Research conducted in this study was reviewed and approved by the Institutional Biosafety Committee of the University of Vermont (REG202100001) and the Institutional Biosafety Committee of the University of Texas Medical Branch (UTMB). All studies in animals were conducted under a protocol approved by the UTMB Institutional Animal Care and Use Committee and complied with USDA guidelines in a laboratory accredited by the Association for Assessment and Accreditation of Laboratory Animal Care. UTMB is a registered Research Facility under the Animal Welfare Act. It has a current assurance (A3314-01) with the Office of Laboratory Animal Welfare, in compliance with NIH Policy. Procedures involving infectious SARS-CoV-2 were performed in the Galveston National Laboratory ABSL3 facility and the University of Vermont BSL3 facility. The use of deidentified positive clinical specimens was approved by the University of Washington Institutional Review Board (STUDY00000408) and the University of Vermont Institutional Review Board (STUDY00000881) with a consent waiver.

Cell culture

Stable cell lines.

Human embryonic kidney cells (HEK-293T/17) (CRL-11268, American Type culture Collection, Manassas, V) were kindly provided by J. Salogiannis (UVM); Vero-E6 cells expressing TMPRSS2 were obtained from the Japanese Cancer Research Resources Bank (JCRB1819). All cell lines were maintained in Dulbecco’s Modified Eagle Medium (DMEM) (10-017-CM, Corning) and supplemented with 10% fetal bovine serum (FBS) (16140-071, Gibco).
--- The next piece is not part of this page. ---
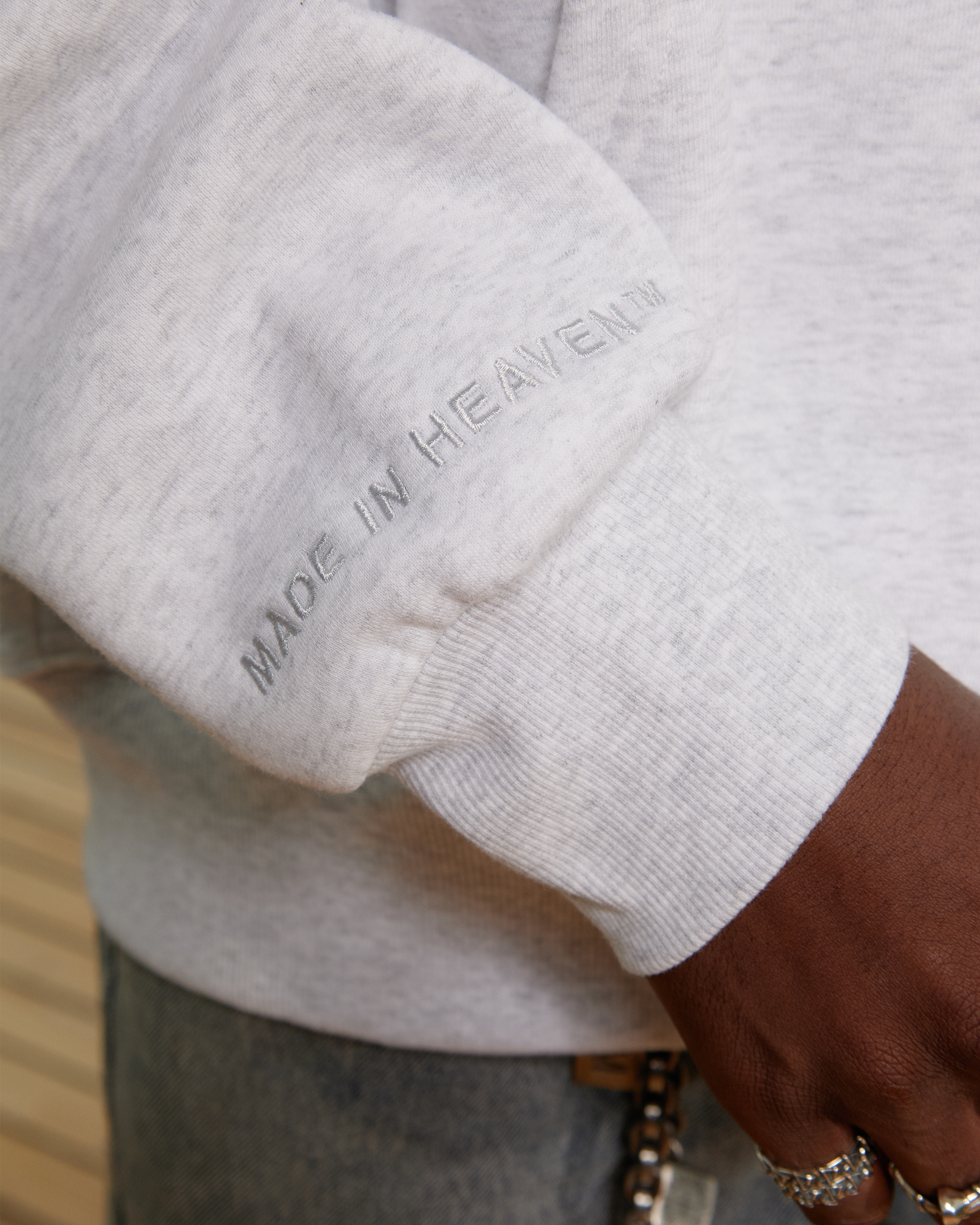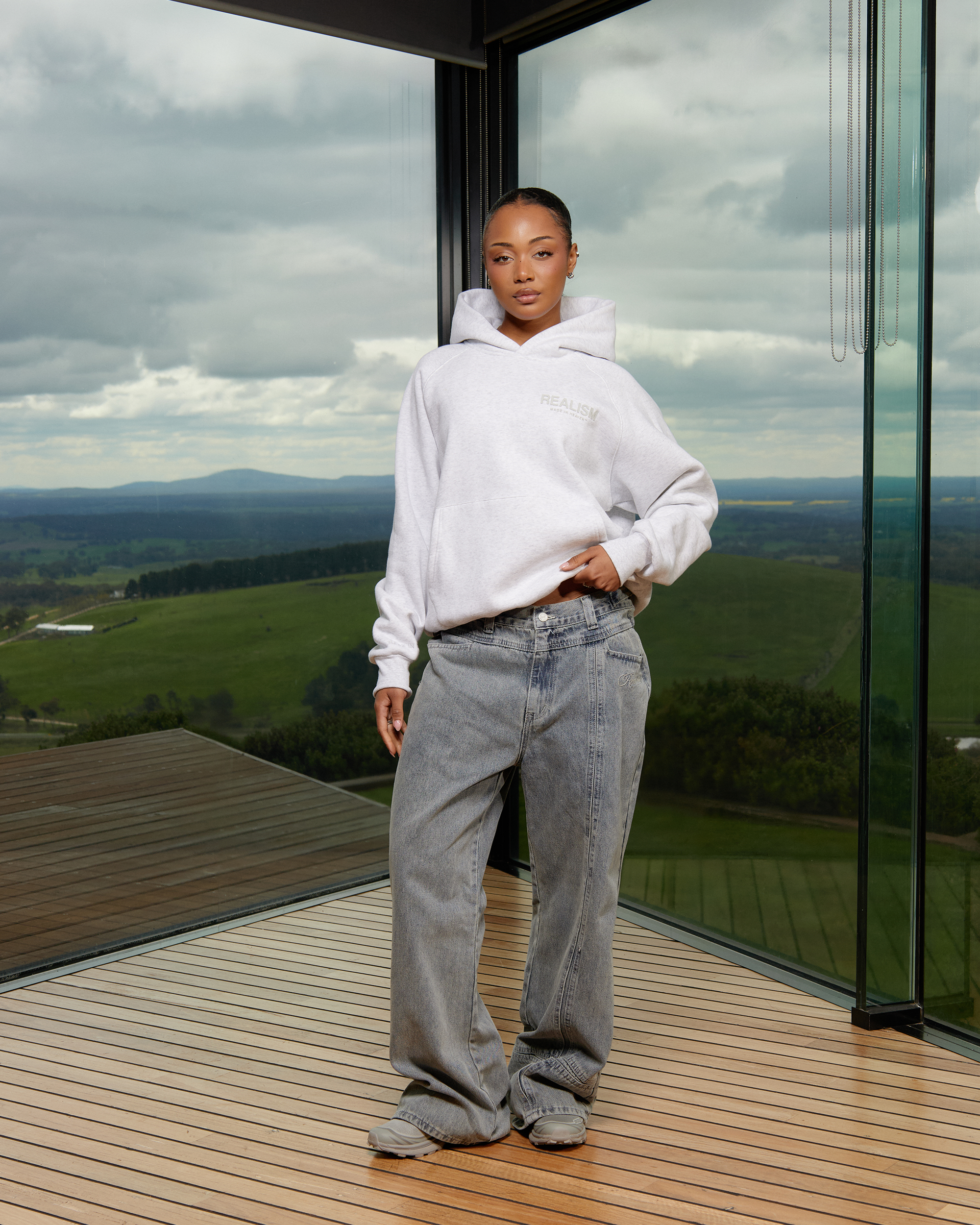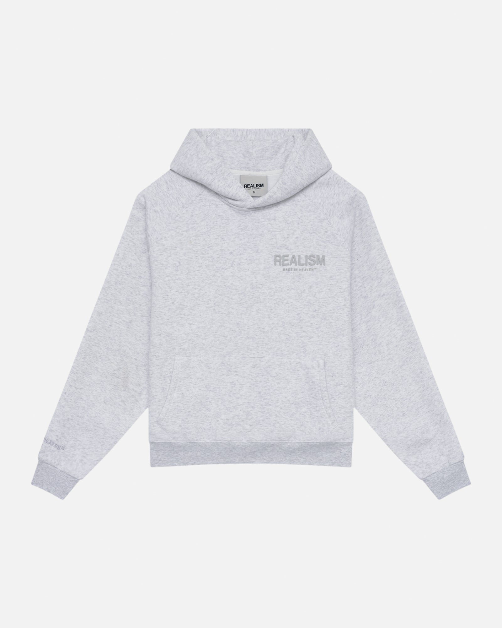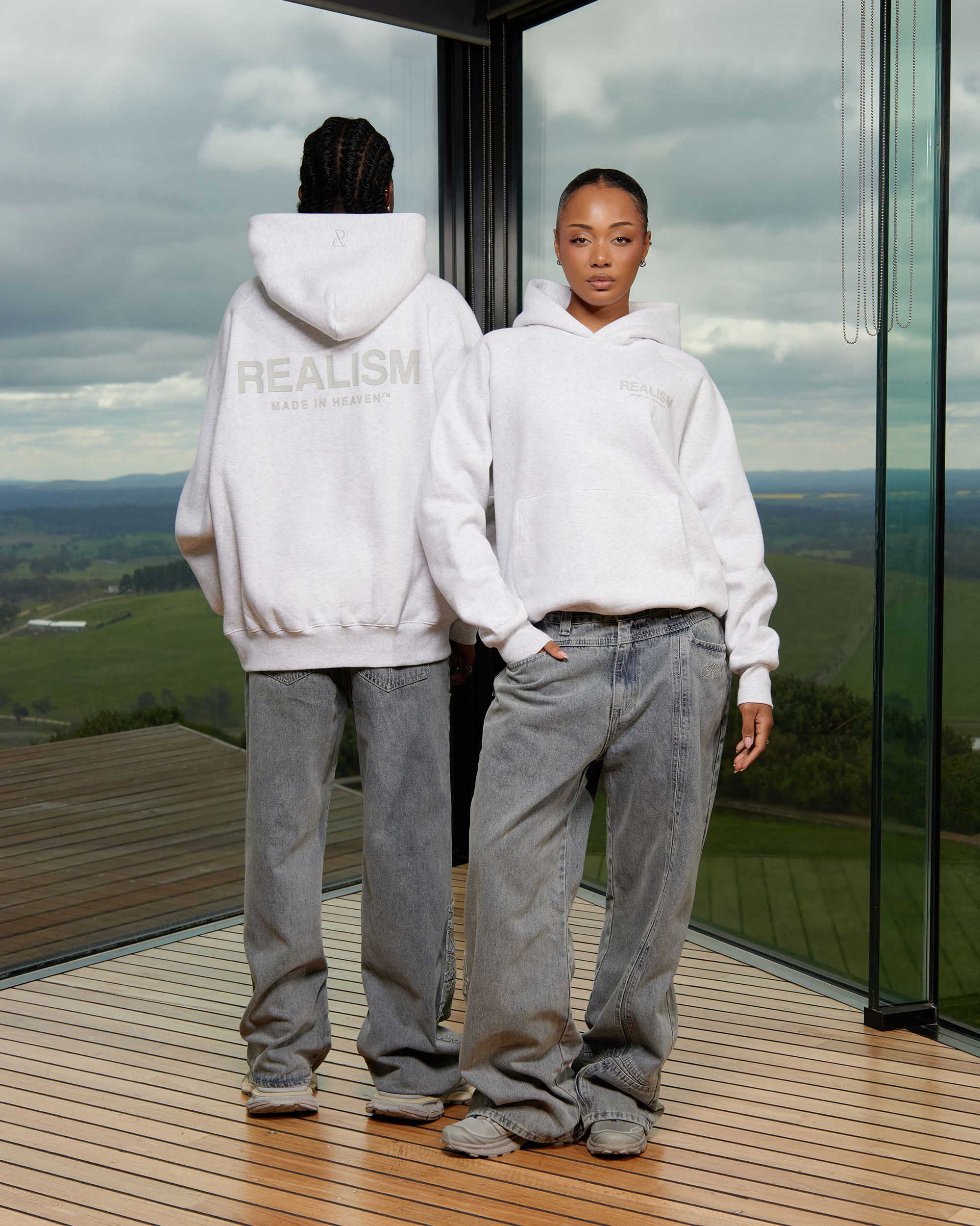 The ultimate hoodie. Premium, comfortable, and designed with purpose. Featuring Realism's signature 350 gsm fleece crafted into a raglan, oversized silhouette, this hoodie is accentuated with 3-dimensional silicone applique logos on the front and back. An embroidered "R" logo on the hood and a "Made in Heaven" motif on the right sleeve complete this iconic design.

Cells were grown at 37°C and 5% CO₂.

Primary cells.

Twenty-four-well transwell inserts (3470-Clear, Costar) were coated with 125 μL of a 50-μg/mL rat tail collagen (A10483-01, Gibco) in 0.02N acetic acid for 1 h at room temperature. Collagen solution was aspirated and washed once with DMEM (10-017-CM, Corning) before membranes were equilibrated with DMEM in both the apical and basolateral chambers for 1 h at 37°C. DMEM was replaced with “basal media” containing PenumaCult Ex-Plus medium (05040, Stemcell Technologies), 10 mL of PneumaCult 50× supplement (05042, StemCell Technologies), 0.001% hydrocortisone (07926, StemCell Technologies), 1% penicillin/streptomycin (30-001-Cl, Corning), 30-μg/mL gentamicin (15750060, Gibco), and 15 μg/mL amphotericin (30-003-CF, Corning) for 20 min at 37°C. Expanded human bronchial epithelia cells (CC-2541, Lonza) were plated onto transwell inserts at a density of 40,000 cells/cm² in warmed basal media. Apical media was changed the next day to remove residual DMSO after which apical and basolateral media was changed every other day until cells were 98%–100% confluent. Once at confluency, basal media was aspirated from the apical side and the basolateral chamber media was replaced with PneumaCult-ALI S media (05002, StemCell Technologies), 0.002% heparin (07980, StemCell Technologies), 0.001% hydrocortisone, 1% penicillin/streptomycin, 30-μg/mL gentamicin, 10% v/v PneumaCult-ALI supplement (05003, StemCell Technologies), 1% v/v PneumaCult-ALI maintenance Supplement (05006 StemCell Technologies), and 15 μg/mL amphotericin. Basolateral chamber medium was changed every other day until differentiation occurred, ~21 days post airlift.

Viruses

Viral isolation.

SARS-CoV-2 WA1/2020 was obtained from the World Reference Center for Emerging Viruses and Arboviruses at the UTMB. Viral isolates for Alpha (hCoV-19_USA_WA-UWJ17_2021, B.1.1.7.3), Beta (hCoV-19_USA_UWJ01_2021, B.1.351), Gamma (hCoV-19_USA_WA-UWJ05_2021, P.1.17/B.1.1.28.1.17), Delta (hCoV-19_USA_WA-CDC-UW21061761110_2021, AY.44; hCoV-19_USA_WA-UWD03_2021, AY.120.1; hCoV-19_USA_WA-UWD05_2021, AY.3), Epsilon (hCoV-19_USA_WA-UWJ13_2021, B.1.429), Iota (hCoV-19_USA_VT-UVM5927_2021, B.1.526), Mu (hCoV-19_USA_WA-UWM04_2021, B.1.621.1.2/BB.2), and Omicron (hCoV-19/USA/WA-CDC-UW21120651352/2021, BA.1) SARS-CoV-2 variants were obtained from primary clinical specimens. Deidentified nasal swabs were acquired from persons who tested positive for COVID-19 and the variant lineage was determined via Next Generation Sequencing (NGS) or digital droplet polymerase-chain reaction (PCR) either before or after isolation [8]. All isolated specimens were less than eight days old before −80°C storage, stored in saline solution, and had a diagnostic PCR cycle threshold of less than 32. Virus from clinical specimens was isolated in VeroE6-TMPRSS2 cells. Cells were monitored daily for cytopathic effect (CPE) and harvested when ~50% of the cells exhibited CPE or death. Clarified samples were stored at −80°C and used to generate working viral stocks. Viral stocks were titered by focus forming assay. NGS of viral stocks was conducted by the Microbial Genome Sequencing Center or SeqCoast Genomics.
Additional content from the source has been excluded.